**WORK ORDER**
Filter on the word "jest": copy each matching line from the listing below.

**DATASET CONTENT**
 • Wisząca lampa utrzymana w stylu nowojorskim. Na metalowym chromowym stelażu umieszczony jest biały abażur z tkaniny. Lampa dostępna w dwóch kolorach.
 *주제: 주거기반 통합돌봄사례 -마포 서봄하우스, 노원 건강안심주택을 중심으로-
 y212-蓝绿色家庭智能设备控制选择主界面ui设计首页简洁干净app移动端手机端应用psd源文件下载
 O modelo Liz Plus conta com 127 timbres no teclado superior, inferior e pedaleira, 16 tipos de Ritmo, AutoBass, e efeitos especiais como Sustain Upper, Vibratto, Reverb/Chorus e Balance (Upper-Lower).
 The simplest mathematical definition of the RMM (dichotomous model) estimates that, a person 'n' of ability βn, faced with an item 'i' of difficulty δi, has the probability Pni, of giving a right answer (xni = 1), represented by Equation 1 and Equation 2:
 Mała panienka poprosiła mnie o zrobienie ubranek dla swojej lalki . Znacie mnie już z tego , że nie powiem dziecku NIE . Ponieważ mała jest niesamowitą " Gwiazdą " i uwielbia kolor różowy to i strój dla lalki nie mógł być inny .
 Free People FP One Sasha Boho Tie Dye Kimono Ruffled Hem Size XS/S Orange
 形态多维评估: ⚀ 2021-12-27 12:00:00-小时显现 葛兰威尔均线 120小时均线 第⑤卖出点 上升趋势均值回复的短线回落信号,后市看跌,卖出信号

**SOLVED EXERCISE**
 • Wisząca lampa utrzymana w stylu nowojorskim. Na metalowym chromowym stelażu umieszczony jest biały abażur z tkaniny. Lampa dostępna w dwóch kolorach.
 Mała panienka poprosiła mnie o zrobienie ubranek dla swojej lalki . Znacie mnie już z tego , że nie powiem dziecku NIE . Ponieważ mała jest niesamowitą " Gwiazdą " i uwielbia kolor różowy to i strój dla lalki nie mógł być inny .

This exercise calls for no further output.